Açıklamadan öne çıkan ifadeler şöyle:
* KHK ile on binlerce kamu emekçisi haksız ve hukuksuz biçimde açığa alındı ya da ihraç edildi. Oysa Hükümet, kamudan ihraç edilenlerin hangi somut gerekçelerle ihraç edildiklerini, ihraç edilenlerin darbe girişimi ile aralarında hangi somut bağlar bulunduğunu en küçük bir şüpheye yer bırakmayacak şekilde açıklamak zorunda.
* Eğitim, AKP’nin ideolojisi doğrultusunda dinselleştirme ve ticarileştirme temelinde yeniden dizayn edilme amacıyla en kapsamlı saldırıya maruz kalan alan.
* Siyasi iktidar, yıllardır eğitimin dinselleştirilmesine ve ticarileştirilmesine direnen, laik- bilimsel eğitimi savunan, emek, barış ve demokrasi mücadelesi yürüten eğilim emekçilerden intikam alırcasına hareket ediyor. Her biri küçük birer diktatöre dönüşen rektörlerin hazırladığı listeler eleştirel düşünceyi, özgür bilimi, laik, kamusal, parasız eğitimi savunan akademisyenlerin tasfiyesine yöneldi.
"ÖYP düzenlemesi iş güvencesini ortadan kaldırdı"
* Emeğin güvensizleştirilmesi politikaları doğrultusunda hazırlıkları çok daha önceden başlayan “50d'yi yegane istihdam biçimi” kılma çalışmaları bir gecede bir KHK ile fırsattan istifade gerçekleştirildi. 674 sayılı KHK kapsamında yapılan değişiklikle tüm ÖYP’li araştırına görevlilerinin statüsü bir gecede güvencesizliğin cisimleşmiş hali o an 50/d’ye geçirildi.
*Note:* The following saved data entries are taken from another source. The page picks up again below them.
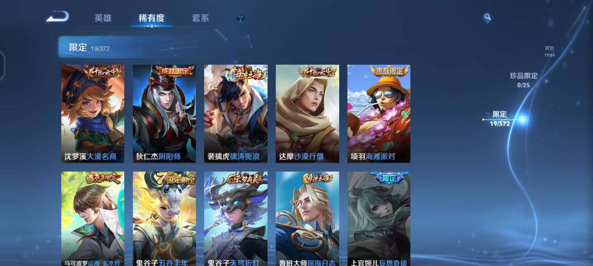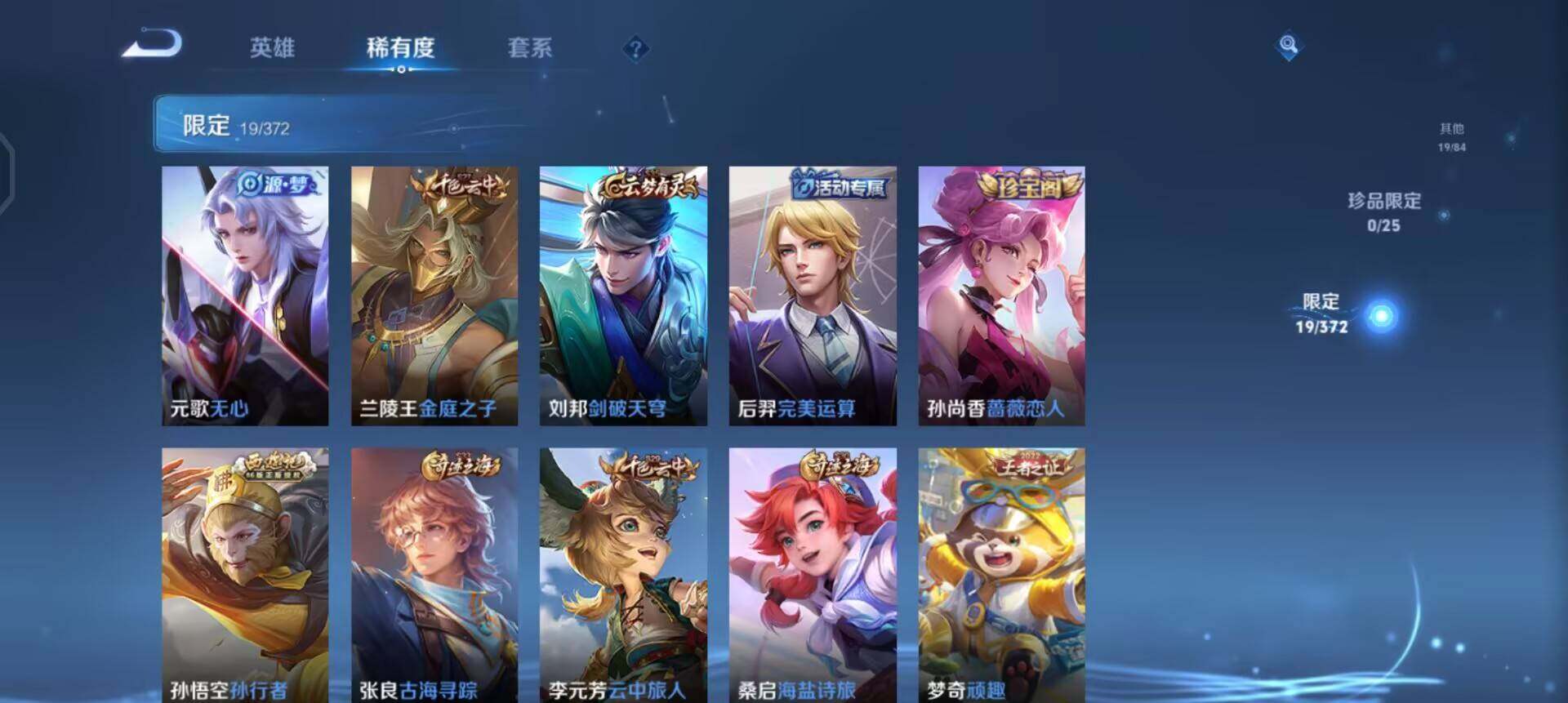 【限定皮肤】:狄仁杰阴阳师,孙尚香蔷薇恋人,元歌无心,马可波罗山海玄木吟,达摩沙漠行僧,项羽海滩派对,兰陵王金庭之子,孙悟空孙行者,李元芳云中旅人,鬼谷子五谷丰年,
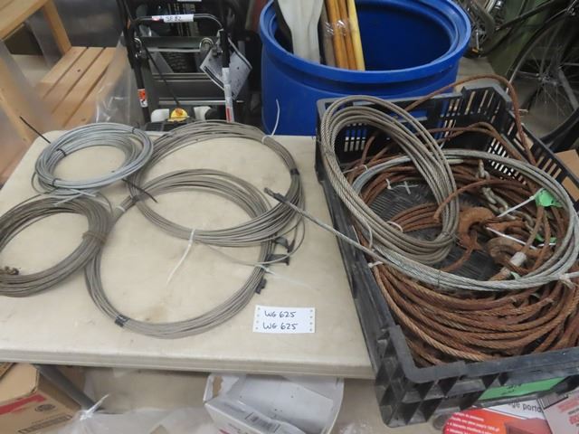 Box of Braided Steel Cable; (5) 5/16" with Hooks, 1/4" + 3/16" + 1/8" New Cable
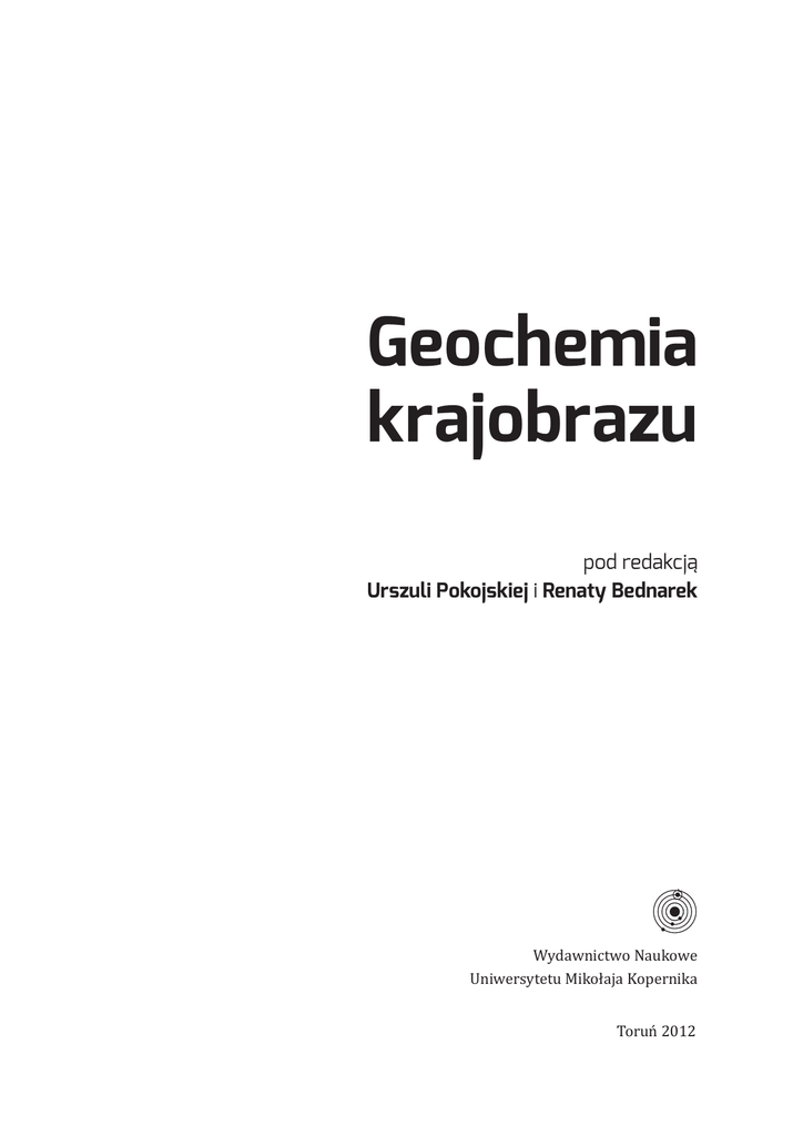 Geochemia krajobrazu pod redakcją Urszuli Pokojskiej i Renaty Bednarek Ï ÑʹͲͳʹ SPIS TREŚCI Spis treści Spis treści Przedmowa ..................................................................................................... 11 CZĘŚĆ 1. WIADOMOŚCI WPROWADZAJĄCE Rozdział I. Elementy chemii ogólnej (Urszula Pokojska) ................... 17 1. Chemiczne podstawy budowy materii.............................................. 17 2. Prawo okresowości i układ okresowy pierwiastków Mendelejewa ... 18 3. Budowa atomów ................................................................................ 19 4. Jednostka masy atomowej. Pojęcie mola i masy molowej ............... 22 5. Rozmieszczenie elektronów wokół jądra atomowego...................... 23 6. Współczesny układ okresowy pierwiastków .................................... 26 7. Elektrony walencyjne a wiązania chemiczne.................................... 7.1. Rodzaje wiązań chemicznych ............................................ 27 30 8. Oddziaływania międzycząsteczkowe ................................................ 34 9. Związki kompleksowe. Chelaty ......................................................... 36 10. Roztwory wodne ................................................................................ 10.1. Budowa cząsteczki H2O i właściwości wody ..................... 10.2. Mechanizmy rozpuszczania substancji stałych ................ 10.3. Dysocjacja elektrolitów. Elektrolity mocne i słabe ........... 10.4. Dysocjacja wody. Iloczyn jonowy wody............................. 10.5. Odczyn. Skala pH ............................................................... 10.6. Hydroliza soli ..................................................................... 10.7. Roztwory buforowe ............................................................ 10.8. Rozpuszczalność. Stężenie roztworów i sposoby jego wyrażania ........................................................................... 10.9. Roztwór idealny i rzeczywisty ........................................... 38 38 41 44 46 47 48 49 11. Układy koloidalne .............................................................................. 54 12. Utlenianie i redukcja .......................................................................... 12.1. Potencjały redoks ............................................................... 56 57 Literatura .................................................................................................. 60 50 53 6 · SPIS TREŚCI Rozdział II. Elementy krystalochemii (Urszula Pokojska) ................ 61 1. Stan krystaliczny materii, ciało krystaliczne, kryształ...................... 61 2. Związek krystalochemii z pokrewnymi dziedzinami nauki .............. 62 3. Budowa kryształów w świetle krystalografii strukturalnej i geometrycznej ................................................................................... 3.1. Typy komórek elementarnych i układy krystalograficzne................................................................ 63 64 4. Struktura kryształów w świetle krystalochemii ................................ 4.1. Typy kryształów a rodzaj wiązań chemicznych ................ 4.1.1. Kryształy jonowe .............................................. 4.1.2. Kryształy kowalencyjne.................................... 4.1.3. Kryształy o wiązaniach pośrednich jonowo-kowalencyjnych ............................................... 4.1.4. Kryształy o wiązaniach metalicznych i mieszanych...................................................... 4.2. Pokrewieństwo krystalochemiczne pierwiastków. Diadochia. Izomorfizm ...................................................... 4.2.1. Diadochia a współwystępowanie pierwiastków w minerałach ............................. 4.3. Polimorfizm ........................................................................ 67 69 69 70 77 78 Literatura .................................................................................................. 80 Rozdział III. Elementy geochemii (Urszula Pokojska) ........................ 81 1. Geochemia jako nauka ........................................................................ 81 2. Budowa Ziemi i podstawowe właściwości materii ziemskiej ............ 83 3. Stosunki ilościowe pierwiastków chemicznych w geosferach zewnętrznych ...................................................................................... 3.1. Skorupa ziemska ................................................................ 3.2. Hydrosfera .......................................................................... 3.3. Atmosfera ........................................................................... 3.4. Klarki pierwiastków ........................................................... 86 86 88 89 91 73 73 74 4. Procesy geologiczne kierujące rozmieszczeniem pierwiastków chemicznych w skorupie ziemskiej ..................................................... 93 4.1. Procesy magmowe .............................................................. 95 4.2. Procesy hipergeniczne ....................................................... 101 4.3. Procesy metamorficzne...................................................... 102 SPIS TREŚCI · 7 5. Stosunek geochemii krajobrazu do geochemii ................................... 103 Literatura .................................................................................................. 104 CZĘŚĆ 2. PODSTAWY GEOCHEMII KRAJOBRAZU Rozdział IV. Geochemia krajobrazu jako nauka (Katarzyna Ostaszewska) .................................................... 107 1. Pojęcie krajobrazu w naukach przyrodniczych .................................. 107 2. Miejsce geochemii krajobrazu w systemie nauk ................................ 109 3. Geochemia krajobrazu w tradycyjnym ujęciu szkoły rosyjskiej................................................................................... 110 3.1. Rys historyczny

Hukuka ve anayasaya aykırılığı açık ve seçik olan ÖYP düzenlemesi ile araştırma görevlilerinin iş güvencesi tamamen ortadan kaldırıldı, gelecekleri belirsizleştirildi, kaderleri rektörlerin iki dudağı arasına terk edildi.
* Bu değişikliğin amacı uzun zamandır YÖK’ün güvencesiz istihdamı, temel ve yaygın istihdam biçimi haline getirme çabasından başka bir şey değil.
* Bu düzenleme ile yıllardır elde edilen yargı karaları yok sayıldı, mevcut hukuksal kazanımlar anlamsızlaştırıldı. Düzenleme 2547 sayılı yasanın 35. Maddesine ve mevcut hukuksal kazanımlara aykırı.
"Üniversite mücadelemiz sürecek"
* İş güvencesi olmadan bilim özgür olmaz.
* İhraç edilenler ve açığa alınanlar görevlerine iade edilene, ÖYP düzenlemesi geri alınana ve herkes için iş güvencesi sağlanana kadar mücadelemizi sürdüreceğiz.
* Görevi bilgi üretmek ve ürettiği bilgiyi toplumsallaştırmak olan akademisyenlerin içinde yaşadığı toplumun sorunlarına kayıtsız kalması mümkün değil. Bu sorunların çözümüne dair düşüncelerini kamuoyu ile paylaşma haklan var. Bizler bu hakkı savunmaktan geri durmayacağız.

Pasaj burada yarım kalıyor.